There were a lot of unknowns during project scoping (e.g., Did the student find the project interesting? Would we get scooped? Would our methods work?). However, unlike when I scoped projects for myself, I didn’t have any decision paralysis. I was confident that we would be able to anticipate or react to any challenges or setbacks my student faced over the course of the summer.

Interestingly, my REU student and I did not physically overlap in Chicago since I was in Berkeley for the summer. Instead, I co-supervised my student remotely with a postdoc and team of fellow PhD students who were still at UChicago over the summer. My student did an awesome job, and we helped him submit his work as an extended abstract to two workshops – both of which were accepted [extended abstract].

I met my student in person when he presented his summer work at a poster competition at one of the workshops in November 2024. He did a great job – such a great job in fact that he proceeded to the final round in the poster competition. We found out the night before the final round that our student had qualified and that he would need to have prepared a 10 minute presentation for the next day.

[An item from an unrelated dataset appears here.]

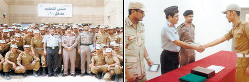 احتفل مركز تدريب الحرس الوطني صباح أمس بتخريج دورة أمن وحماية المنشآت (التخصص رقم1-1429هـ) من قوات أمن المنشآت بالأمن العام، وذلك بحضور قائد مركز تدريب الحرس الوطني بالرياض العميد الركن علي بن محمد التميمي ومدير إدارة التدريب العام بقوة أمن المنشآت بالأمن العام العقيد سيف بن معيض القحطاني.

The next morning was a mad dash with me on the ground helping my student prep his verbal presentation while a postdoc (Nathaniel Hudson) helped edit the slides remotely. I could tell that my student was really nervous. I suspected his nerves may, in part, be due to the information overload on best-presentation-practices that myself and the postdoc were throwing at him. I realized that I had been in his position countless times: having a lot of information available to me and not knowing which pieces to act on. I ended up telling the student the thing that helped me most: you have to trust your gut and just discard advice that is not useful to you. In the end, my student crushed it! His talk was authentic and I saw which pieces of advice he chose to keep. He won 1st place in the competition!

Final Reflections

I have loved being a PhD student. Working in a fast-moving field has been both rewarding and challenging as I am constantly sorting through information and trying to decide the best course of action. Working with large teams has been exciting because I learn so much, but reconciling tons of different opinions was daunting at first. Mentoring students has been super fulfilling but came with the challenge of anticipating my student’s needs and advising in a way that is constructive and not overwhelming. I learned a lot this year, and most importantly I grew more confident in both my decision making and problem solving abilities in the face of limitless information and possibilities.

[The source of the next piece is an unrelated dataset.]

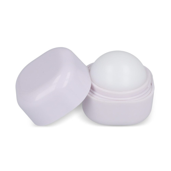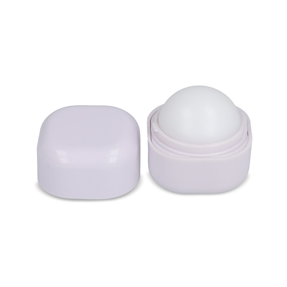 Baume à lèvres dans un contenant en forme de cube fabriqué à partir d'ABS recyclé. La forme arrondie de la bille à l'intérieur permet une application en douceur pour un soin hydratant.

Thanks to Jay Sakarvadia, Sahil Sethi, Jordan Pettyjohn and Valerie Hayot-Sasson, who provided feedback on this blog post.

References

[Duede et al., 2024] Duede, Eamon, et al. “Oil & water? diffusion of ai within and across scientific fields.” arXiv preprint arXiv:2405.15828 (2024).

[workshop paper] Sakarvadia, Mansi, et al. “Memory Injections: Correcting Multi-Hop Reasoning Failures during Inference in Transformer-Based Language Models.” The 6th BlackboxNLP Workshop.

[qualifier thesis] Sakarvadia, Mansi. Towards Interpreting Language Models: A Case Study in Multi-Hop Reasoning. 2024. University of Chicago, Master’s Thesis.

[video of rehearsal] “Interpreting Language Models: Correcting Multi-hop Reasoning Failures During Inference.” YouTube, uploaded by Mansi Sakarvadia, 7 Apr. 2024, https://www.youtube.com/watch?v=4EE9DIToERo.

[internship project] Sakarvadia, Mansi, et al. “Mitigating Memorization In Language Models.” arXiv preprint arXiv:2410.02159 (2024).

[extended abstract] Pettyjohn, Jordan Nikolai, et al. “Mind Your Manners: Detoxifying Language Models via Attention Head Intervention.” The 7th BlackboxNLP Workshop.